Is it possible to play directly from the EHD, without first transferring?


----------



## TulsaOK (Feb 24, 2004)

Yes.


----------



## n0qcu (Mar 23, 2002)

NO, the 922 does not support anything other than transferring *to the internal drive *at this time. No playback from or transfers to the EHD.


----------



## jjlawyer (Dec 7, 2004)

How? When I press the dvr button, "my media" comes up. with all my recording on the 922. There is a drop down menu right next to the my media lable but the EHD is not in the menu as I would expect. The 922 does see the EHD when I press the menu button on the remote and scroll down to "my media transfer" icon.

BTW, advanced tech said you can only transfer but I didn't believe him.


----------



## olguy (Jan 9, 2006)

jjlawyer said:


> How? When I press the dvr button, "my media" comes up. with all my recording on the 922. There is a drop down menu right next to the my media lable but the EHD is not in the menu as I would expect. The 922 does see the EHD when I press the menu button on the remote and scroll down to "my media transfer" icon.
> 
> BTW, advanced tech said you can only transfer but I didn't believe him.

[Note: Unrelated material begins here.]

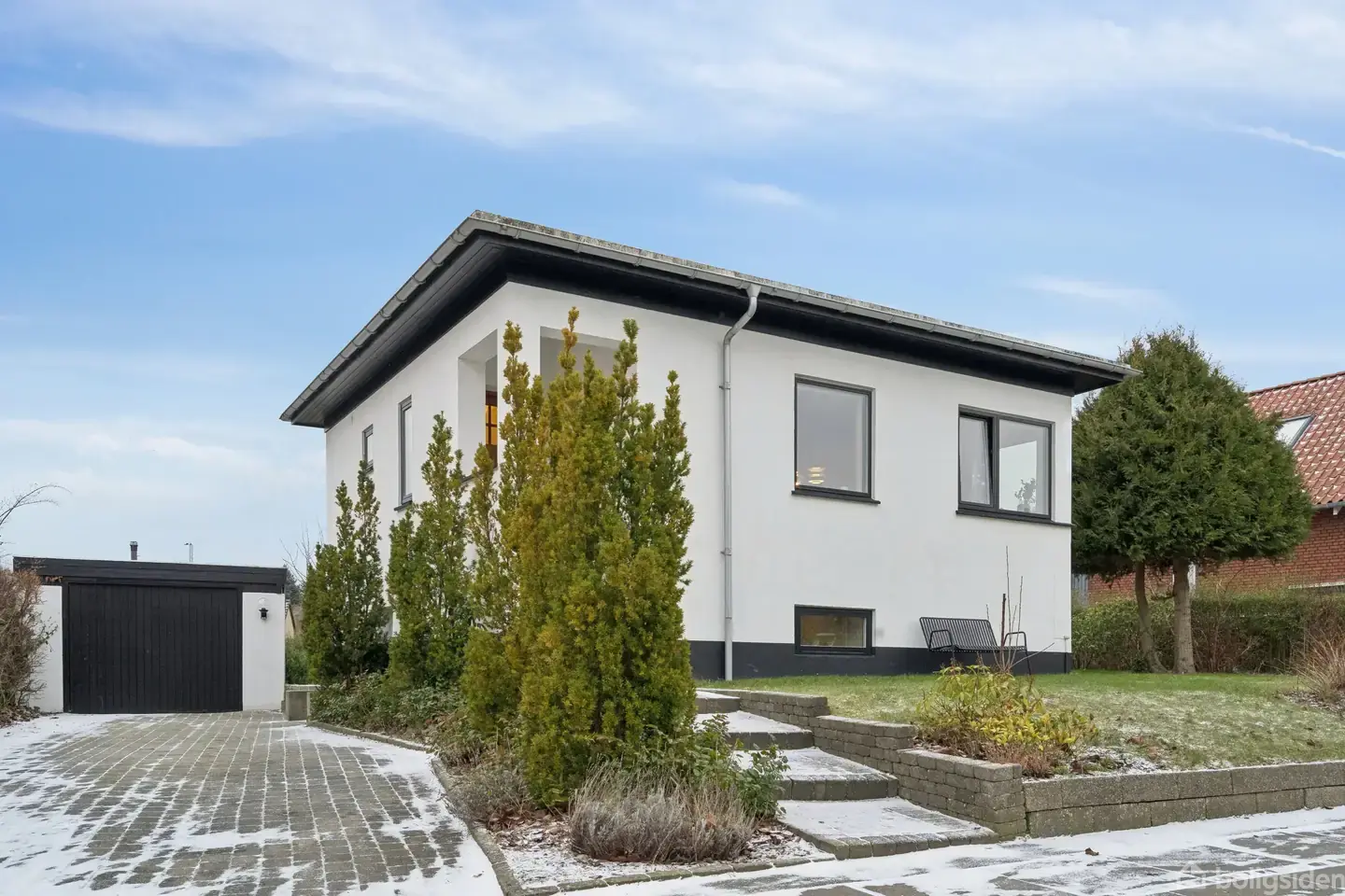 Denne villa i Højbjerg blev bygget i 1935, og der er tydeligvis sket en del siden da. Boligen fremtræder nemlig flot og tidssvarende, og opdateringerne er samtidig helt i tråd med husets oprindelige udtryk. Villaen har bl.a. gennemgået en omfattende renovering i 2021 med bl.a. nye vinduer, nyt køkken, nyt badeværelse og toilet, nye lofter med isolering i bungalowdelen, nye gulve, nyt el (undtagen kælder) samt facaderenovering. Hjemmet byder på en spændende indretning i forskudte niveauer, og pla

Click the My Media Transfer icon. On the upper left of that page you select the device to transfer from. Then your EHD recordings appear and you select the one(s) you want to transfer.


----------



## TulsaOK (Feb 24, 2004)

jjlawyer,
Sorry, didn't realize I was in a 922 forum.


----------



## Stewart Vernon (Jan 7, 2005)

Yeah, it's really screwy right now that you can only transfer to the 922 from an EHD. You can't play from one AND what's more, you can't transfer the recording back to the EHD! So if you transfer something that you want to watch prepare to keep it on your 922 until they activate the rest of the EHD support.


----------



## l8er (Jun 18, 2004)

Still can't play shows from external hard drive? (I found the option to transfer them to the internal drive).


----------



## olguy (Jan 9, 2006)

l8er said:


> Still can't play shows from external hard drive? (I found the option to transfer them to the internal drive).

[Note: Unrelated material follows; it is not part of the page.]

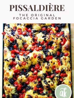 I used a half sheet pan which resulted in a thinner pissaladiere with a crispy crust but never got that beautiful dimpled look. I have a pan that’s somewhere between a 9×13 and a half sheet pan so I’ll try that next time. And there will be a next time! Delicious!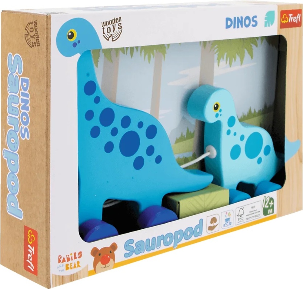 Dinos - Sauropod je úžasná súprava dinosaurov na kolesách, ktorá zavedie deti do čarovného sveta rozprávky Bábätko a medveď. Táto súprava prináša dvojnásobnú zábavu s veľkým, pôsobivým dinosaurom s rozmermi 16,6 cm x 16,8 cm x 5,5 cm a menším s rozmermi 10,9 cm x 11,3 cm x 5,5 cm. Oba dinosaury sú na kolieskach a dajú sa jednoducho stiahnuť pomocou šnúrok. Toto je perfektný darček pre mladých milovníkov dinosaurov a fanúšikov kresleného filmu Bábätko a medveď, ktorý zaručuje hodiny tvorivej zábavy.

That's the only option. But EHD will be fully supported soon


----------



## l8er (Jun 18, 2004)

I think the word is matted, framed and hanging in cubicles and offices throughout the Dish Network and Echostar organizations:

Soon


----------



## jjlawyer (Dec 7, 2004)

With S106, you can play directly from the EHD. FYI.


----------



## l8er (Jun 18, 2004)

jjlawyer said:


> With S106, you can play directly from the EHD. FYI.


 A day late and a dollar short for me.


----------



## TulsaOK (Feb 24, 2004)

jjlawyer said:


> With S106, you can play directly from the EHD. FYI.


So, I guess post #2 was an epiphany.


----------



## Stewart Vernon (Jan 7, 2005)

Kent Taylor said:


> So, I guess post #2 was an epiphany.


Do you mean prophecy?

I think an epiphany is when you suddenly realize something that is already true... which post #2 wasn't at that time


----------